In an earlier report covering March loan performance, Black Knight's Mortgage Monitor noted that home prices had risen more in the first two months of this  year than in the same period for any year since 2005.  The home price appreciation (HPA) tracked by Black Knight's Home Price Index (HPI) did moderate slightly in March, but prices still did keep climbing. 

The current edition of the Monitor updates these figures and says rising prices, coupled with interest rates that are doing the same, (they had moved higher by 70 basis points by the end of May) have pushed up the monthly payment on a median priced home, bought with 20 percent down, by $150 or 14 percent over the first five months of the year. This has pushed seven states to a level of affordability that is less than their long-term norms and 12 others are coming close.  The slight slowing of HPA noted in March might have been, to some extent, a reaction to tightening affordability.

Incomes have grown at a stronger than normal pace, up by an annual 4.37 percent compared to the 25-year average of 2.75 percent, but it hasn't been enough to keep up  It now takes 22.8 percent of the median income to make the monthly mortgage payment on a median priced home, the largest share since the 2010 home-buying season, but still below long-term benchmarks.  At the 2012 market bottom, the income required was 17.3 percent of the median.

 

 

To come up with current affordability numbers, Black Knight extrapolated 2017 and 2018 income gains from 2016 Census data and rolled HPA forward at its current annual rate from March through May and used Freddie Mac's 30-year fixed rate as of May 24, 4.86 percent while noting a 10-basis point decrease since then.

The seven states that are less affordable than their long-term averages from 1995 to 2003 are led by Washington DC, where the required percentage of the median income is 7 percent higher at 40 percent.  It is  followed by California (38 percent), Hawaii (35 percent) and Maine (33 percent) Likewise, 14 states now have payment-to-income ratios higher than the national average of 23%.  On the other hand, Black Knight found 15 states where affordability is greater than long term norms by at least 6 percent.

 

 

 

 

Black Knight clearly considers the current path of home prices, interest rates, and incomes unsustainable from an affordability perspective and lays out three possible scenarios as to how affordability might play out over the next five years.
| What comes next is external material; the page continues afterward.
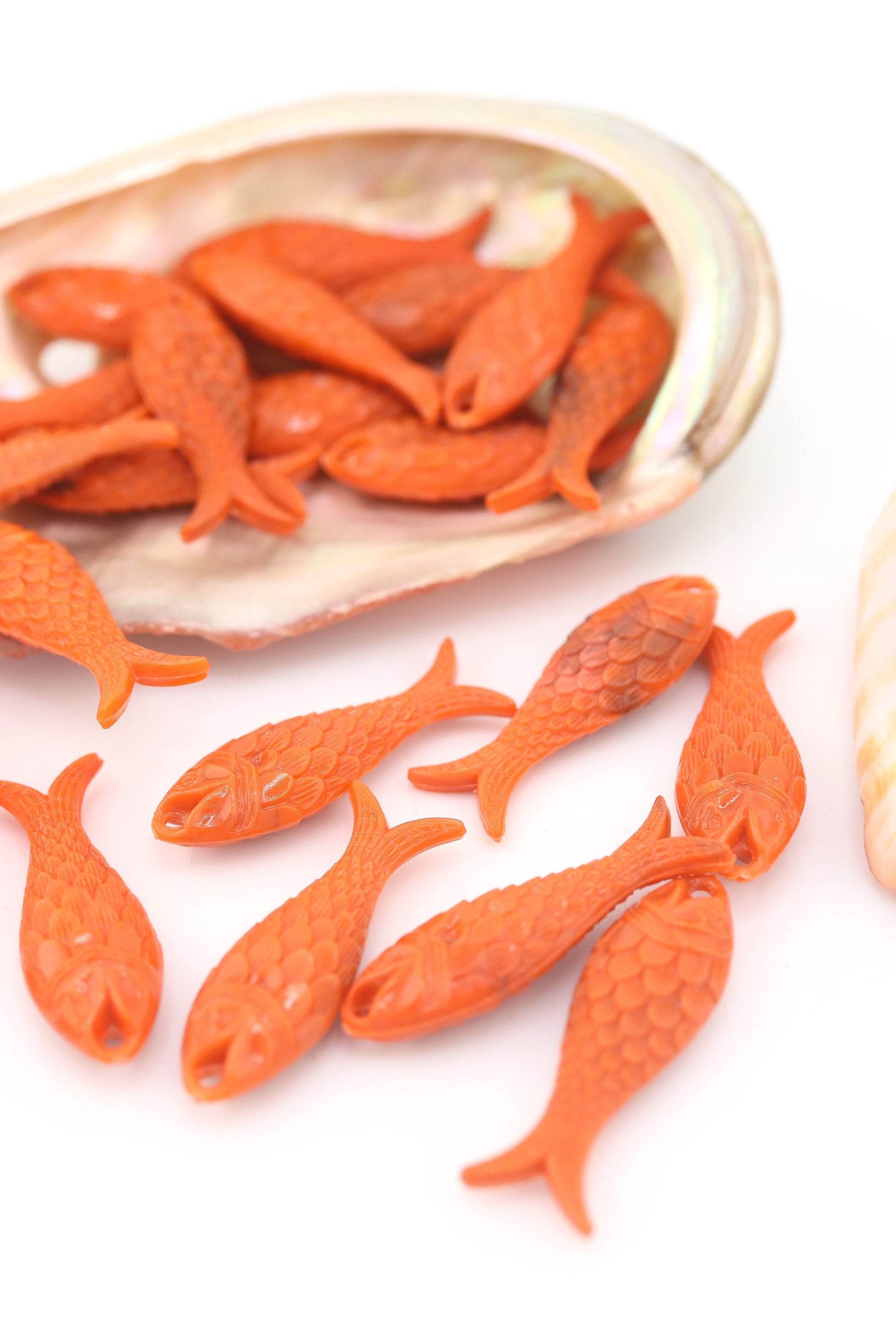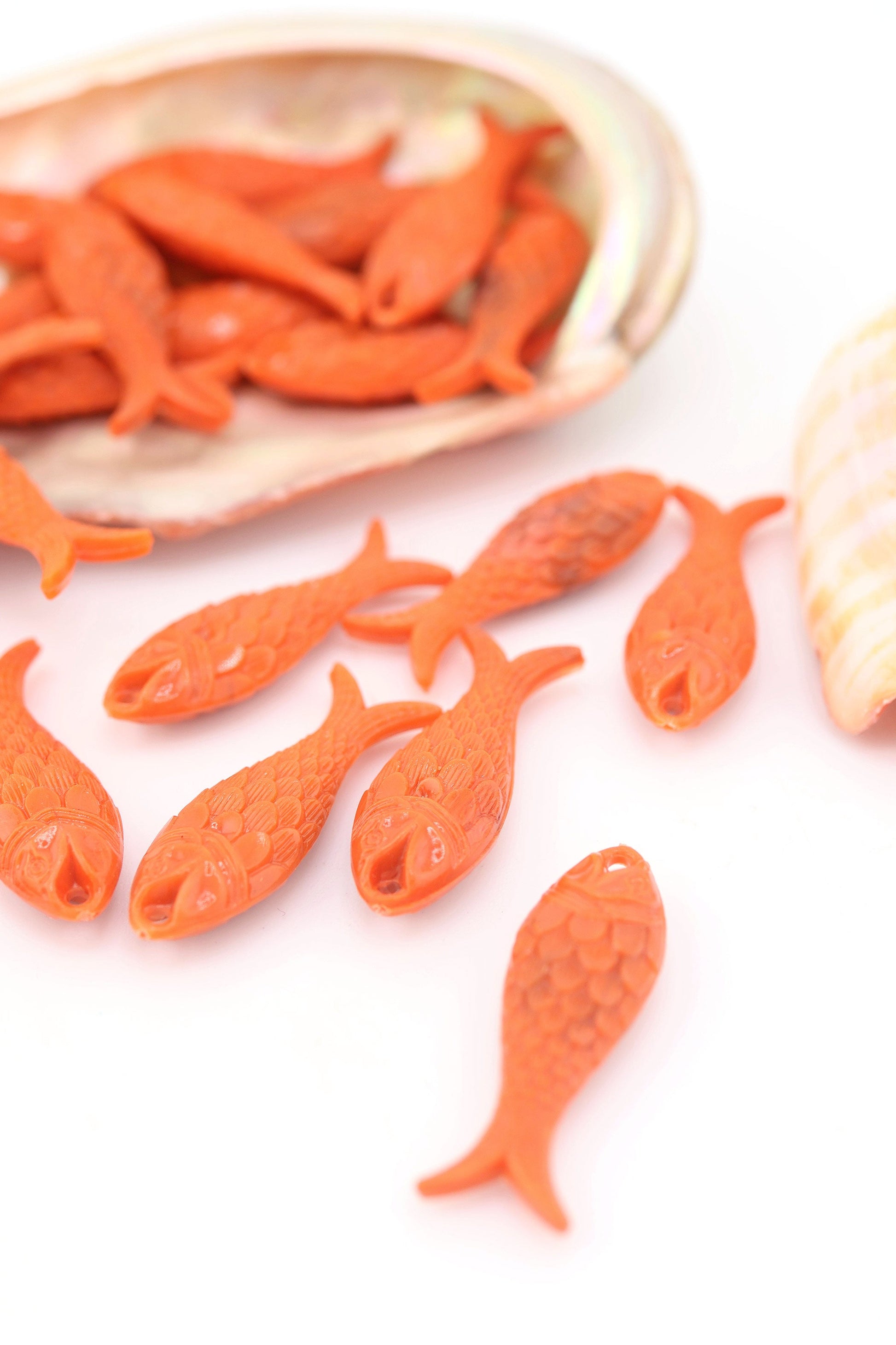 Coral Red Fish Charm, German Resin, 27mm, 1 Pendant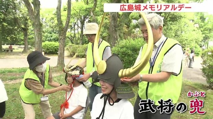 「(兜が)重たい。息子が城めぐりをしていて、広島城に来た」

In the first example, they assume that HPA continues at the same rate as today, 6.5 percent, and income growth stays steady at 4.37 percent, the current three-year average.  Both those numbers are higher than long term norms.  Interest rates are assumed to increase 50 basis points each year,  well below what they are on track to do this year. Under this scenario, the national payment-to-income ratio would hit long-term norms in just over a year an all-time high in just over five years.

 

 

In the second scenario the interest rate and income are held steady, but HPA is slowed to the long-term average of 3.75 percent.  Long-term affordability norms would be reached in about two years and after five years it would require nearly 30 percent of the median income to purchase the median home.  This is nearly 5 percent above long-term norms and likely unsustainable.

 

 

In the final exercise, Black Knight holds HPA at the long-term rate of 3.75 percent, slows rate increases to 25 basis points a year but uses the current income growth of 4.37 percent.  This is more sustainable over the long run, keeping on par with long term affordability norms at the five-year mark.

 

 

Black Knight concludes that while there is still some breathing room at the national level before reaching long-term affordability norms, it is important to remember that certain states have already arrived there, even before factoring any additional increases in home prices or interest rates.
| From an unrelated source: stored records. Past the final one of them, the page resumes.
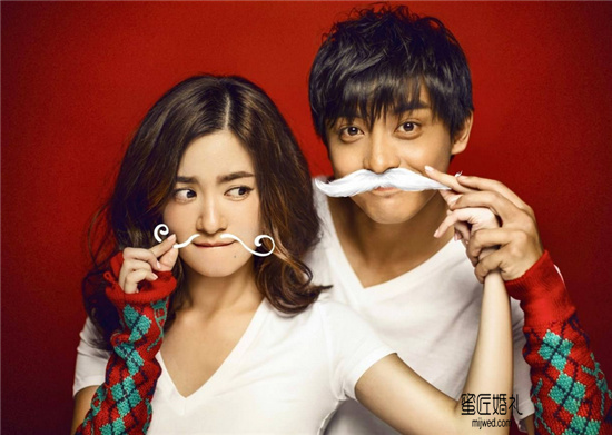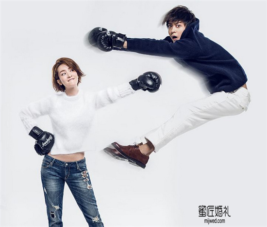 这一组是典型走女方欺压男方拍照风格,一拳把自己亲亲老公打飞。提醒除了两人关系甜蜜不平等的地位。很多婚纱摄影都流行这种风格,一般穿着都是中式礼服。两人身着情侣休闲服也是非常好看。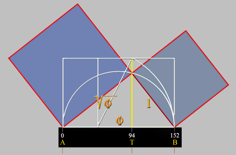 | AB / AT = 152 / 94 = 1,617021276... ⇔ Φ |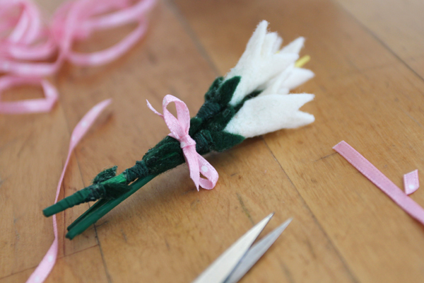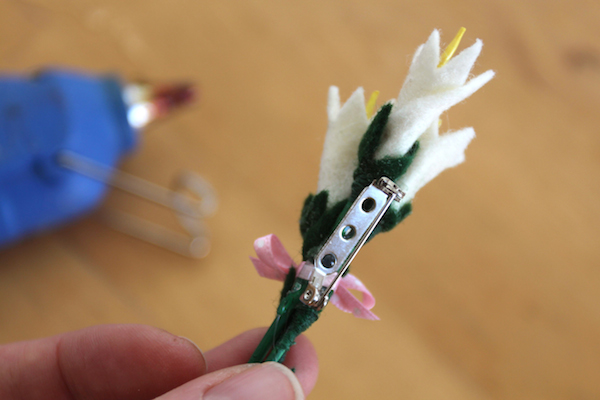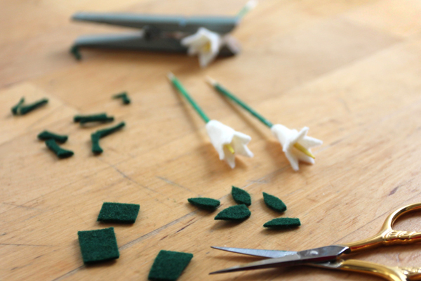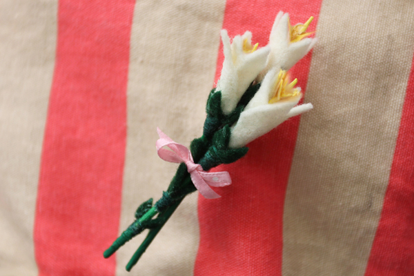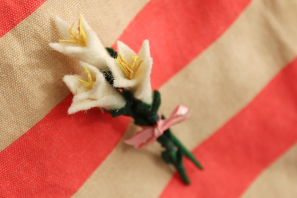 Felt, on the other hand, is a material that I’ve worked with forever and it has almost never disintegrated in the presence of small children (or unpredictable pets or drizzly days.) With Easter coming up, I wanted to make a trio of tiny felt flowers. Easter lilies seemed like the obvious choice for this crafty spring bouquet brooch.

The Monitor also looked at the first quarter 2018 first mortgage originations.  These totaled $378.1 billion of which $230.6 billion were purchase loans and $147.6 billion were for refinancing.  This was a decline of 20 percent in overall volume when compared to the fourth quarter of 2017, and a 6 percent decrease from the first quarter of that year.

Purchase mortgages were 17 percent lower on a quarter over quarter basis, which Black Knight called seasonal, while refinancing was down 24 percent.  Refinancing drove the year-over-year decline; it was down 19 percent, only partially offset by a 5 percent increase in purchase lending.  The refinancing share of originations declined from 45 percent in the first quarter of 2017 to 41 percent in the fourth and to 39 percent in the first quarter of this year.

The volume of purchase loans has increased in 26 of the last 27 quarters, but the rate of that growth has slowed.  In late 2015 purchasing lending was increasing year-over-year by 25 percent but has fallen to less than 10 percent in each of the most recent three quarters.  If fact, the 5 percent annual increase posted in the first quarter of this year was the lowest growth rate since early 2014.  Black Knight says this is likely due to normalization of growth but also to headwinds from the tight housing inventory.

Even though the dollar volume in Q1 was the largest in 11 years, and even with 17 quarters continuous growth in purchase lending, the volume is still early 25 percent lower than in 2006.